People have long been able to use freedom of information law to access almost all details about government recruits, including their job applications, referee reports and any notes made by selection panels.
However, Australian Information Commissioner John McMillan has moved to protect bureaucrats' privacy following a disputed promotion in the Department of Human Services.
Professor McMillan, who oversees FOI and privacy law, was convinced by changes in privacy legislation, community attitudes and internet technology, which made it easier to disclose personal details "to the world at large".
A male worker at the department, "Y", had applied for a job in 2011, which was won by a female colleague, "X".
Y and another unsuccessful candidate asked Merit Protection Commissioner Ann Godwin to review the decision, though a review committee affirmed X was the best candidate.
Y then filed an FOI request for the documents related to the decision, and Ms Godwin's office agreed to release: a four-page selection summary; a comparison of the applicants; X's job application, resume and claims against the selection criteria; her referee report; and nine pages of handwritten comments the selection panel had made about her. Some details, such as X's name, phone and date of birth, were censored.

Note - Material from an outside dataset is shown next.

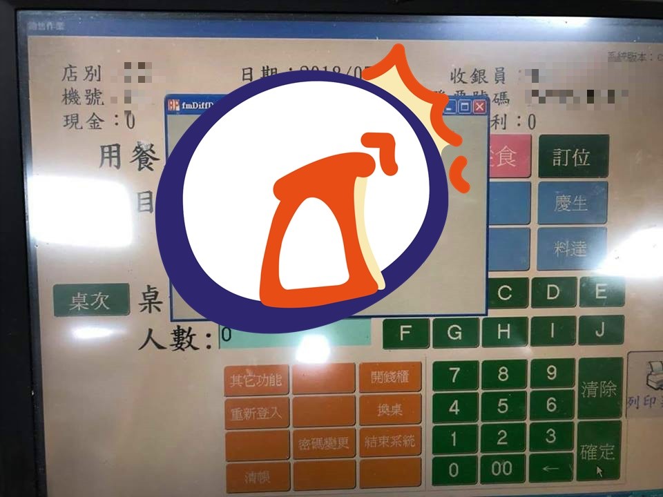 由於他一個手滑,在用餐人數的欄位中打成「0」,POS機竟出現小視窗嗆,「最好是0人用餐!難不成是鬼!?」對此,網友們紛紛表示,「好懷念,以前在三X巧福也是用這種POS機」、「這個嗆的有道理」、「按確定就是鬼了」、「我上次誤觸按鍵,被我們診所掛號系統嗆:別亂按!候診處沒人」、「好嗆…對不起我嘴角失守」。

Ms Godwin's office also decided Y could view, but not keep a copy of, X's submission to the promotion review committee, which included photocopies of her awards and qualifications.
However, X challenged the decision to disclose her personal information, expressing fears for her personal security and safety.
She was also concerned Y might alter or misuse the documents, which she had given in confidence, and said she believed he had made false accusations about her in the promotions appeals process.
She also said she and Y worked alongside each other and disclosing her private information would affect their professional relationship and potentially ruin her reputation.
Professor McMillan acknowledged the law had previously deemed that "a successful applicant's [job] claims should be opened to public scrutiny and their claim to privacy should be deemed as abandoned".
But he pointed to growing concerns about how the internet could be used to breach bureaucrats' privacy.
"Material that is published on the web may remain publicly available for an indefinite period," Professor McMillan said.
"It may cause anxiety to a public servant that material about their suitability for a particular appointment can be publicly available long after the appointment and to an indeterminate audience.
"There is also a growing and understandable concern that personal information that is made available on the web can be misused or used differently by others; for example, for identity profiling or theft or unwanted contact."
He ruled that Y could access the selection panel's summary of its decision to give X the job – with her identifying details removed – but not the other documents.
Public servants regularly doubt the merit of recruitment, though few lodge a formal challenge.
The 2008 Whistleblowing in the Australian Public Sector study found one in three federal bureaucrats said they had direct evidence of favouritism in a hiring or promotion decision.
However, the Merit Protection Commissioner received just 44 requests to review a promotion in 2012-13.